* [Problem requirements] Repeat the listing below line by line, exactly, leaving its pictures behind.

** Provided data follows **

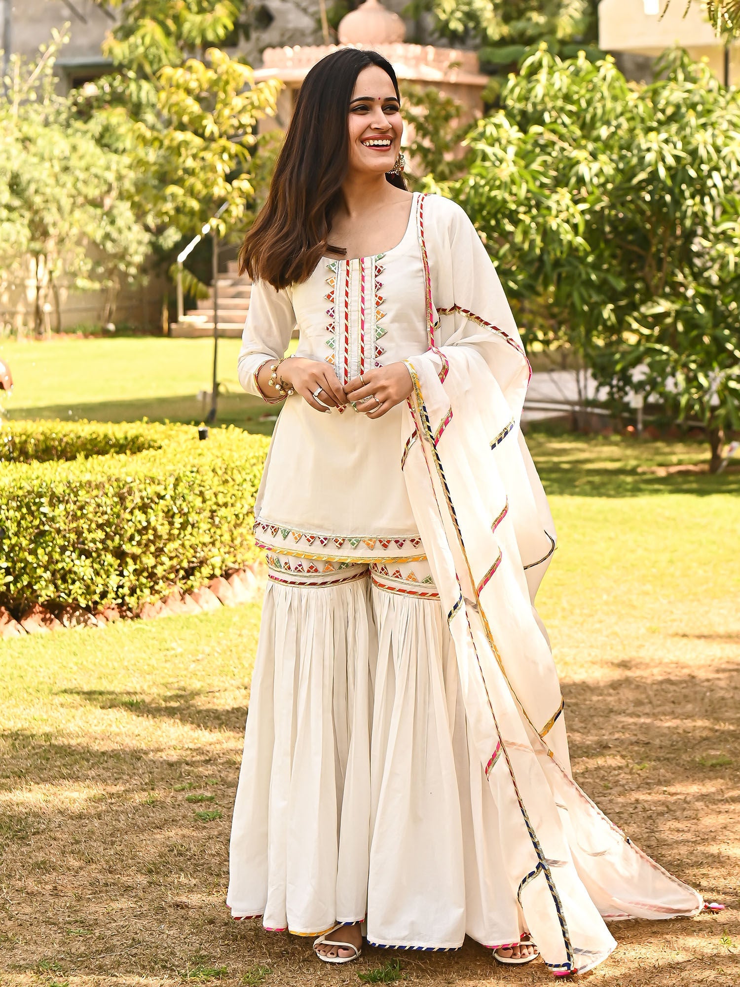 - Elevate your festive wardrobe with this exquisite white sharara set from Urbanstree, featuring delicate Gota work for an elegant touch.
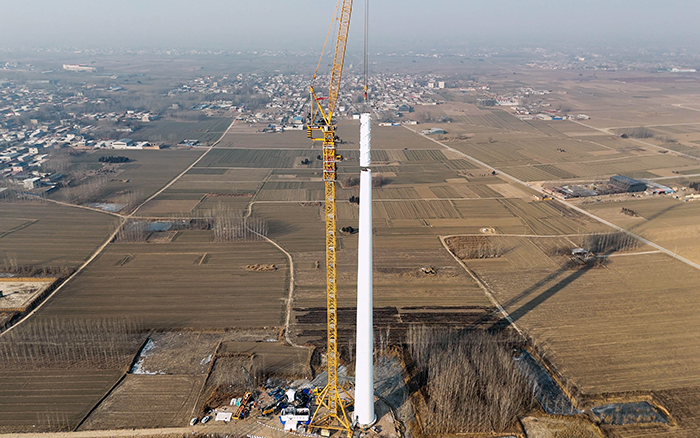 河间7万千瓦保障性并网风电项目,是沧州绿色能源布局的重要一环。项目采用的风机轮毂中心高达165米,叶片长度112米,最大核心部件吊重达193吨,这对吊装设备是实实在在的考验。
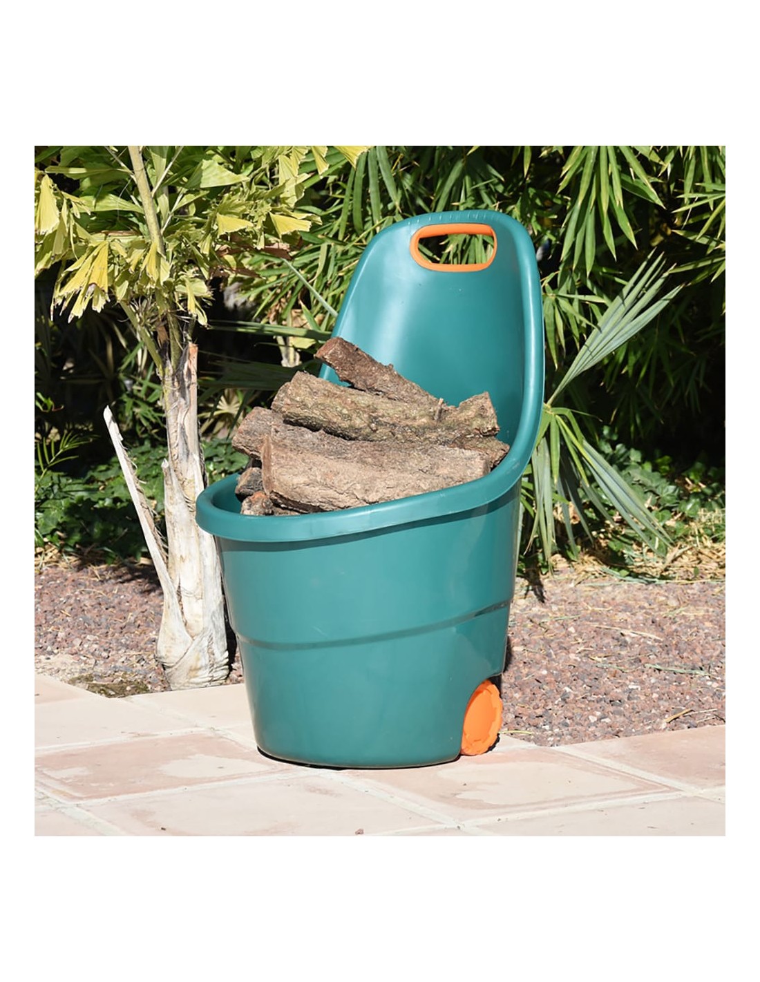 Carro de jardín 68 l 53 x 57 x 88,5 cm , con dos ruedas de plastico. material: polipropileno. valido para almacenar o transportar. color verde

** End of Provided data **

* [Response]
 - Elevate your festive wardrobe with this exquisite white sharara set from Urbanstree, featuring delicate Gota work for an elegant touch.
 河间7万千瓦保障性并网风电项目,是沧州绿色能源布局的重要一环。项目采用的风机轮毂中心高达165米,叶片长度112米,最大核心部件吊重达193吨,这对吊装设备是实实在在的考验。
 Carro de jardín 68 l 53 x 57 x 88,5 cm , con dos ruedas de plastico. material: polipropileno. valido para almacenar o transportar. color verde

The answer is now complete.